It is not my task nor intention to convince you about the health and environmental merits of living with less plastic. Google the issues, and draw your own conclusions. Needless to say, I am making mine, and am working to address them within the limitations of budget, a busy life with young children, and the resources and options available to us.
Instead, I have tasked myself with documenting the little changes we are making to our lifestyle to reduce our reliance on plastic and try to be more environmentally and ethically minded. Much like motherhood, I see this as a marathon, not a sprint. So as such, I have given myself permission to take things slowly, make mistakes, and only do what I can do without hideously over-complicating my life or breaking the bank in the process. I find encouragement in remembering that little choices can snowball into big improvements over time.
Here are the 11 baby steps we have taken so far.
Kindly note that this post contains affiliate links. It also contains a discount code from The Wise House, a gorgeous independent online shop I stumbled across when researching plastic alternatives for my own family. Lucy, the Wise House Guv’nor has offered My Everyday Matters readers 12% off some of their products to help you take your first steps to living with less plastic should you so choose. Scroll all the way to the bottom to grab it.

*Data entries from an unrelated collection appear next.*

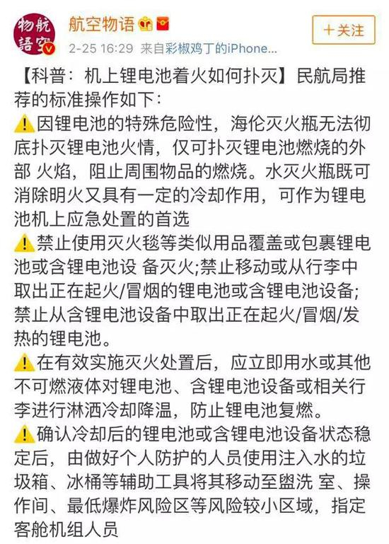 原标题:空姐快速灭火还被吐槽不专业?官方:机上充电宝着火就该拿水浇!
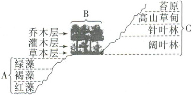 (3) 有人说:“B 处桦树高低错落有致,只存在垂直结构,而野草丛比较矮小,只存在水平结构”,这种说法是否正确?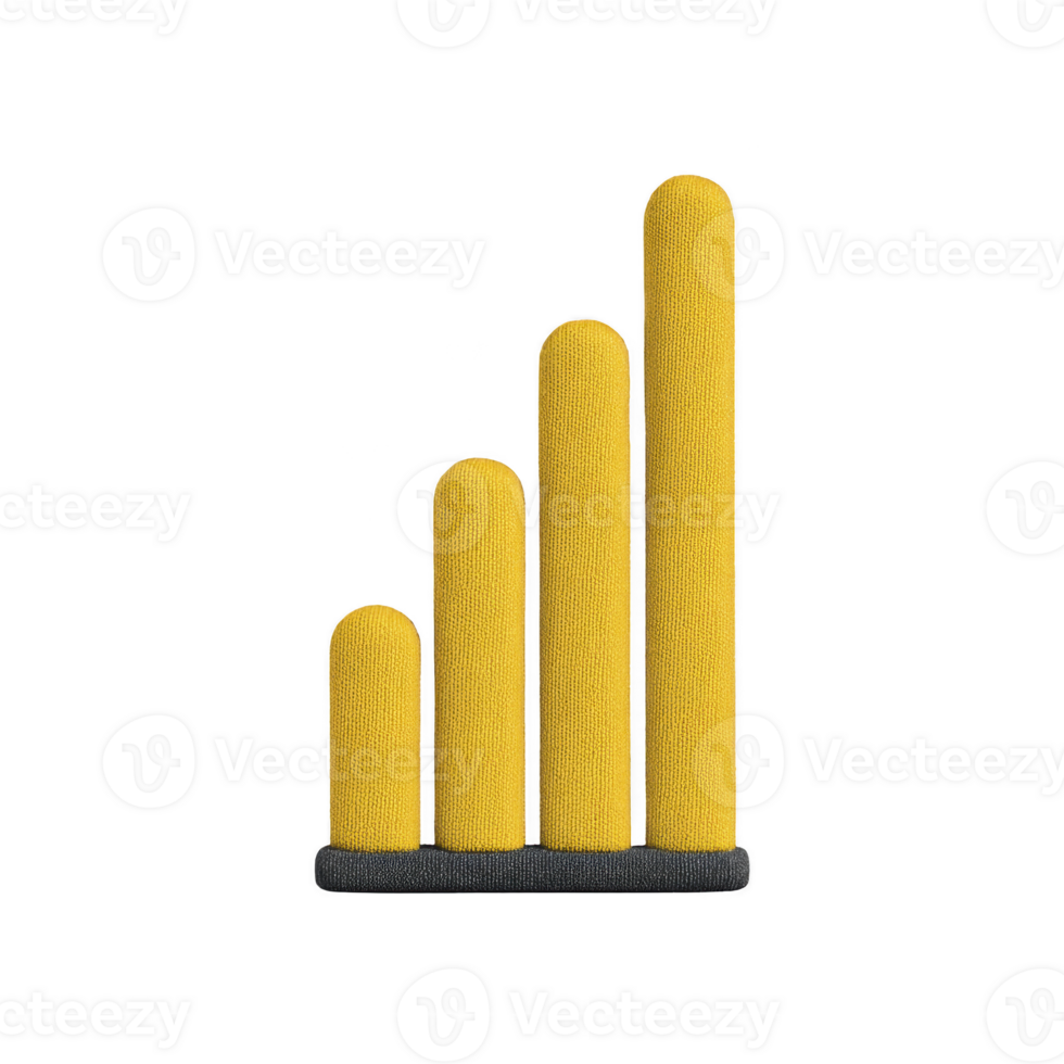 Yellow textured bar graph with four ascending columns on black base, symbolizing growth and progress. design is simple and modern, ideal for business or data presentations Pro PNG

- Kids stuff. Plastic is utterly inevitable in a house full of little ones. I genuinely do not think it is possible to do without it entirely. Nor would I want to truthfully. My elder two’s favourite toys are Duplo blocks and Schleich animals, both of which are plastic but also wonderfully open ended play things and built to last. My real issue is with the stuff that is played with today and binned tomorrow, and with the plastics that are detrimental to our health when used to store or serve food. So I just try to do the best within the confines of our life stage, as and when decisions need to be made about new purchases. Thinking ahead, I have decided that birthday party bags are an obvious place to cut down on plastic. To date I have always given out a tiny tonne of plastic trinkets -bubbles, balloons, bracelets, the usual kiddie delights that are loved today and broken or forgotten about tomorrow. Next time one of our girls has a party, I’ll be stocking up on books via someone like The Good Book Company and popping one of those in a paper bag for their little buddies. Or something along those lines. When it comes to my baby, I have decided to pass on any plastic teethers in favour of the wooden ones she already has and enjoys. Mainly because I’d prefer anything that she gums on to be made of natural materials if possible. My fave plastic free baby trinket is an ivory and silver one that was a hand me down from my grandmother, which she absolutely loves. At meal times, I barely use our set of ikea plates, bowls and cups any more. Our two and four year old eat on a lovely Beatrix Potter china bowl and plate set they were each given, drink smoothies out of their matching mugs and water out of their new stainless steel bottles (see below).
- Shop the house. This is a term I picked up from a few helpful home decor blogs when working on turning our new house into a home. It basically means that you should look around your own home and possessions or something to repurpose for whatever new need has cropped up, before looking to buy something new instead. This means less packaging to chuck away, plastic or otherwise, and less resources spent on getting something new to your home. It also has the indirect benefit of saving money, and encourages you to think outside the box a little bit. I am a total convert. When we needed something to chuck our dirty laundry into in our new home, I bought a laundry basket from John Lewis, only to return it promptly because it was too big. We made do with all sorts of random interim solutions for a while. In the end, I remembered a set of small paper baskets I had picked up from Home Base a few years ago, simplified and adapted our laundry routine to use them, and haven’t looked back since. No money spent, no packaging required or binned. One happy wife.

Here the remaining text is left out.